■ YOUR INSTRUCTIONS ■
Would you transcribe exactly the lines from the beginning of the records below through the line with "一度りんごの味を覚えたクマ(地元では「ア", both included, omitting the pictures?

■ RECORDS SHOWN ■
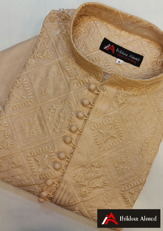 Light Peach - Kurta Pajama - Masoori Work - Cotton Silk Fabric
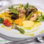 Cotlet de porc, cartofi cu rozmarin, piure de țelină, sparanghel, legume caramelizate
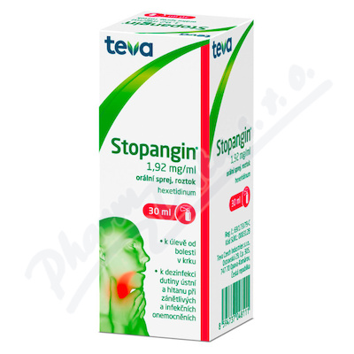 Přípravek Stopangin ve spreji je dezinfekční přípravek s mírným anestetickým (znecitlivujícím) účinkem. Obsahuje léčivou látku hexetidin, která působí proti bakteriím, kvasinkám a plísním.
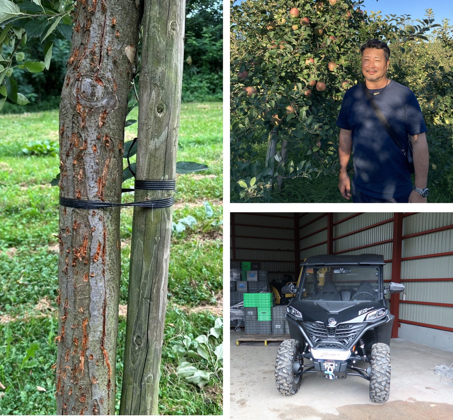 一度りんごの味を覚えたクマ(地元では「アップルベア」と呼ばれています)は、エサ場としてマーキングするために木に爪痕を残します。マーキングされた木は、クマが繰り返し出没する危険性があり、生産者の安全確保と被害拡大を防ぐために、やむを得ず切り落とすしかありません。すでに今シーズンは30本を伐採し、約1.8トンの収穫減となりました。さらに、伐採した木は苗木から育て直しても収穫まで約6年かかるため、今後6年間は毎年約1.8トン分の収穫ゼロが続くことになります。収穫作業にも影響が出ており、安全のためバギーを購入するなど、被害・対策額はこの産地だけで、現時点ですでに総計500万円を超えています。
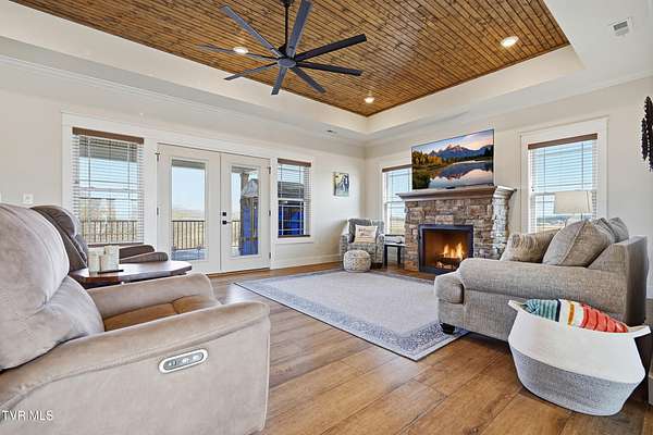 Thoughtfully designed and custom built by Jason Day Construction, this residence offers a rare combination of refined interior finishes, expansive land, and long-term flexibility, set on 19.99 +/- acres with no HOA. From the moment you arrive, the home feels intentional. Inside, the main living area is warm and composed, anchored by a statement fireplace and filled with natural light. Wide-plank flooring flows throughout, creating a seamless connection between spaces designed for both everyday living and effortless gathering. The kitchen blends function and atmosphere, featuring granite countertops, under-cabinet lighting that adds a soft evening glow, electric appliances, and a generous island that invites conversation. It's a space that works just as well for quiet mornings as it does for hosting. The primary suite offers a calm retreat, framed by peaceful views of the surrounding land. The ensuite bath is spa-inspired, complete with a freestanding soaking tub, tiled walk-in shower, dual vanities, and a walk-in closet, designed for comfort without excess. The lower level expands the home's livability with a fully finished living area, ideal for a gym, media room, or secondary gathering space. Two additional bedrooms and a full bathroom provide privacy and flexibility for guests or family, while an unfinished utility room adds valuable space for storage, systems, or future customization. The home is wired for a generator, offering long-term peace of mind. An oversized, finished two-car garage adds both practicality and storage. Outdoor living is where this property truly shines. A covered back deck with wood ceiling and recessed lighting overlooks rolling acreage, perfect for morning coffee or sunset evenings. Below, a covered concrete patio extends the living space outdoors, offering a quiet place to unwind and take in the setting. This is more than a home, it's space to breathe, room to grow, and the freedom to live on your own terms. Buyer/buyers agent to verify all info.

■ YOUR SOLUTION ■
 Light Peach - Kurta Pajama - Masoori Work - Cotton Silk Fabric
 Cotlet de porc, cartofi cu rozmarin, piure de țelină, sparanghel, legume caramelizate
 Přípravek Stopangin ve spreji je dezinfekční přípravek s mírným anestetickým (znecitlivujícím) účinkem. Obsahuje léčivou látku hexetidin, která působí proti bakteriím, kvasinkám a plísním.
 一度りんごの味を覚えたクマ(地元では「アップルベア」と呼ばれています)は、エサ場としてマーキングするために木に爪痕を残します。マーキングされた木は、クマが繰り返し出没する危険性があり、生産者の安全確保と被害拡大を防ぐために、やむを得ず切り落とすしかありません。すでに今シーズンは30本を伐採し、約1.8トンの収穫減となりました。さらに、伐採した木は苗木から育て直しても収穫まで約6年かかるため、今後6年間は毎年約1.8トン分の収穫ゼロが続くことになります。収穫作業にも影響が出ており、安全のためバギーを購入するなど、被害・対策額はこの産地だけで、現時点ですでに総計500万円を超えています。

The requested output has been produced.